Provided data:
--

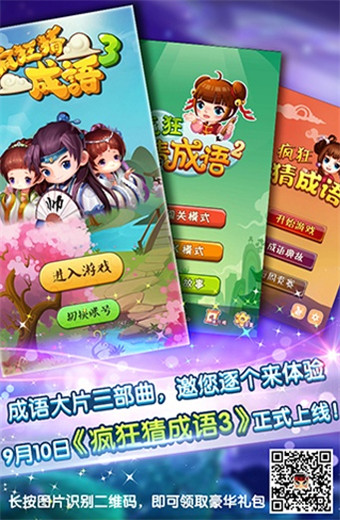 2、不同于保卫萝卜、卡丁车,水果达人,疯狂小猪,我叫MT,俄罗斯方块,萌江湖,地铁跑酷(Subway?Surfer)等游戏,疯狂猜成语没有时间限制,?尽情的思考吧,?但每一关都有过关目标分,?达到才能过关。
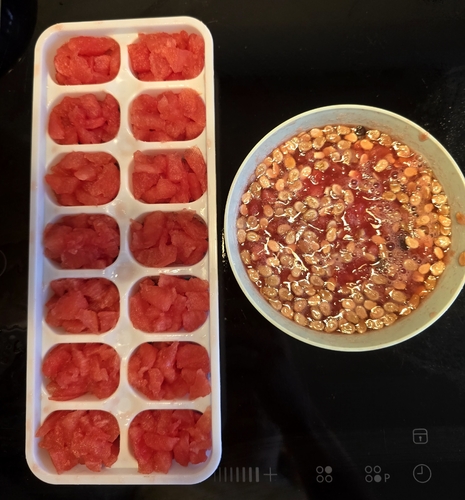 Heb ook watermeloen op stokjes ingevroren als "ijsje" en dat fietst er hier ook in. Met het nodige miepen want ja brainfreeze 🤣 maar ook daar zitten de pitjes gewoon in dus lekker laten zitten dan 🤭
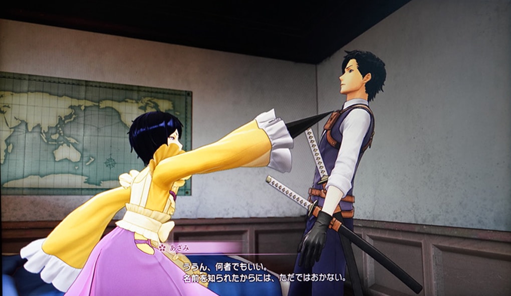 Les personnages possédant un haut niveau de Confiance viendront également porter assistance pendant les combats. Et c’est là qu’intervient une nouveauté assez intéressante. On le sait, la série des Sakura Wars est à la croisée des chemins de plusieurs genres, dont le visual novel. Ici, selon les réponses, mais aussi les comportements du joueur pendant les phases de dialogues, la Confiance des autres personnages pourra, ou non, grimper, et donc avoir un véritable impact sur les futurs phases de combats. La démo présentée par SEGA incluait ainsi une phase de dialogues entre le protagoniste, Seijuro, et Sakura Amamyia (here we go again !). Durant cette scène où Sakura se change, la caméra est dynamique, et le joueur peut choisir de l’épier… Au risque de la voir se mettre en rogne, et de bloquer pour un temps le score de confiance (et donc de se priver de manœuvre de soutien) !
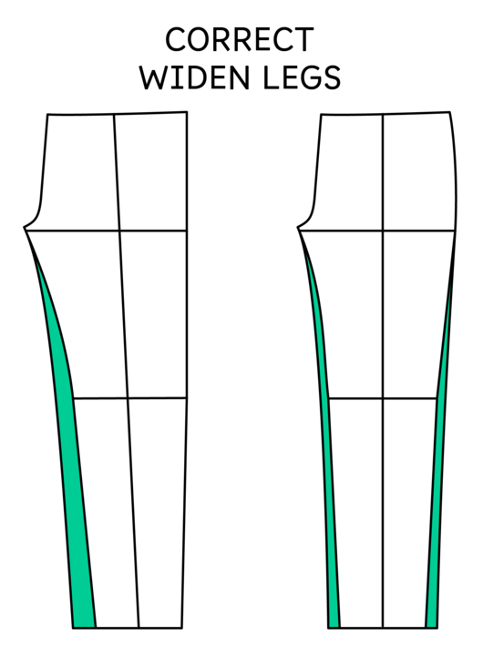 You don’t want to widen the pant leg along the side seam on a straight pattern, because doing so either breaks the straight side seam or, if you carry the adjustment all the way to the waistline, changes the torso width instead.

--

Task to complete:
Skipping any images, write out all the data exactly.

Answer box:
 2、不同于保卫萝卜、卡丁车,水果达人,疯狂小猪,我叫MT,俄罗斯方块,萌江湖,地铁跑酷(Subway?Surfer)等游戏,疯狂猜成语没有时间限制,?尽情的思考吧,?但每一关都有过关目标分,?达到才能过关。
 Heb ook watermeloen op stokjes ingevroren als "ijsje" en dat fietst er hier ook in. Met het nodige miepen want ja brainfreeze 🤣 maar ook daar zitten de pitjes gewoon in dus lekker laten zitten dan 🤭
 Les personnages possédant un haut niveau de Confiance viendront également porter assistance pendant les combats. Et c’est là qu’intervient une nouveauté assez intéressante. On le sait, la série des Sakura Wars est à la croisée des chemins de plusieurs genres, dont le visual novel. Ici, selon les réponses, mais aussi les comportements du joueur pendant les phases de dialogues, la Confiance des autres personnages pourra, ou non, grimper, et donc avoir un véritable impact sur les futurs phases de combats. La démo présentée par SEGA incluait ainsi une phase de dialogues entre le protagoniste, Seijuro, et Sakura Amamyia (here we go again !). Durant cette scène où Sakura se change, la caméra est dynamique, et le joueur peut choisir de l’épier… Au risque de la voir se mettre en rogne, et de bloquer pour un temps le score de confiance (et donc de se priver de manœuvre de soutien) !
 You don’t want to widen the pant leg along the side seam on a straight pattern, because doing so either breaks the straight side seam or, if you carry the adjustment all the way to the waistline, changes the torso width instead.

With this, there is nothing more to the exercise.